The Hammond-Harwood House is a symmetrical brick building with a five-bay center section, flanked by two-story end wings with polygonal bays. The left wing, shut off from the main house, was used as a law office by Hammond. Kitchen and service rooms were housed in the right wing. The main body of the house is a simple rectangular block with hipped roof and slightly projecting pedimented pavilions on both the street and garden sides, decorated only by a beltcourse of rubbed brick at the second story level. All the windows are widely spaced and cleanly cut into the wall surface with only a rubbed brick lintel above each opening as decoration. Attention is focused on the central entrance bay by the second-story window with a classical surround and full entablature, visually supported by projecting consoles. Below the window the main, door, with its arched fanlight framed by engaged Ionic columns, creates the major focal point of the facade. It is unusually rich in the variety of ornamental forms. An egg and dart border surrounds the door and fanlight, joining them visually into a unit. Garlands of roses fill the spandrels between the fanlight and the architrave of the crowning pediment, with its ribboned laurel on the pulvinated frieze.

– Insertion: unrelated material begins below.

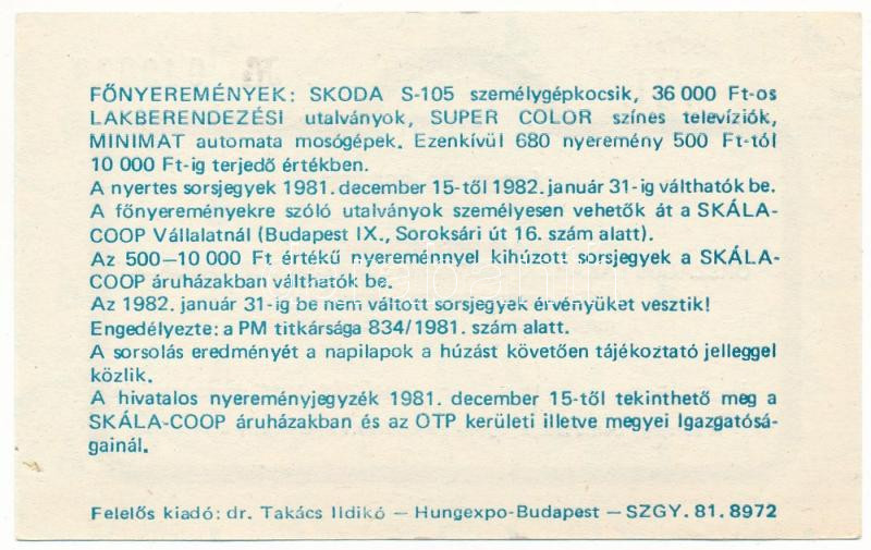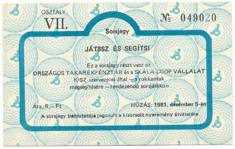 1981. "Játssz és segíts!" az Országos Takarékpénztár és a Skála-Coop Vállalat KISZ-szervezetei által rendezett sorsjáték VII. osztályú sorsjegye, 5Ft értékben T:AU

On the interior, no two rooms are identical in size, but an occasional use of false doors maintains the appearance of perfect symmetry. The two chief rooms are the dining room on the first floor and the ballroom above it. The windows of the dining room overlook the garden. One of the most unusual features is the door, cut into the paneling below the right window to form a door opening onto the garden. Here the desire for academic symmetry becomes most evident. This opening is treated like a window on the interior, although the dado panels are hinged to serve as a door. Outside, it is treated like a door, being on the central axis of the house and serving as a focus for the rear pavilion with its four giant pilasters of brick, topped by a rich pediment. The interior shutters are carved with resetted octagons, alternating with plain, elongated octagons, a motif used elsewhere by Buckland. A modillioned cornice, successfully scaled to the size of the room, completes the refined elegance of the dining room. Plain plaster walls and ceiling serve as a good foil to the elaborate detail. The fireplace and overmantel motif can be traced to Abraham Swan's British Architect, but the relationship is found only in the basic form. Buckland's imaginative treatment of established designs is very different from the dry copying of lesser craftsman, adding a variety and beauty of natural forms which contribute greatly to the value of the entire building. The large ballroom above the dining room has an unusually light and elegant cornice with small dentils in place of the heavier modillions. Below this is a delicate frieze of flutting alternating with small carved foliate panels. The main stairs, set at right angles to the main hall, have a gracefully curving banister, with the curl at the newel post echoed in the shape of the first step.

The building has remained essentially unaltered. Replacement of wooden steps and railing with a stone and iron one are the only exterior changes. A small brick appendage added at the southwest end blends well xjith the old buildings. Restoration of the kitchen and installation of modern heating were the only interior alterations.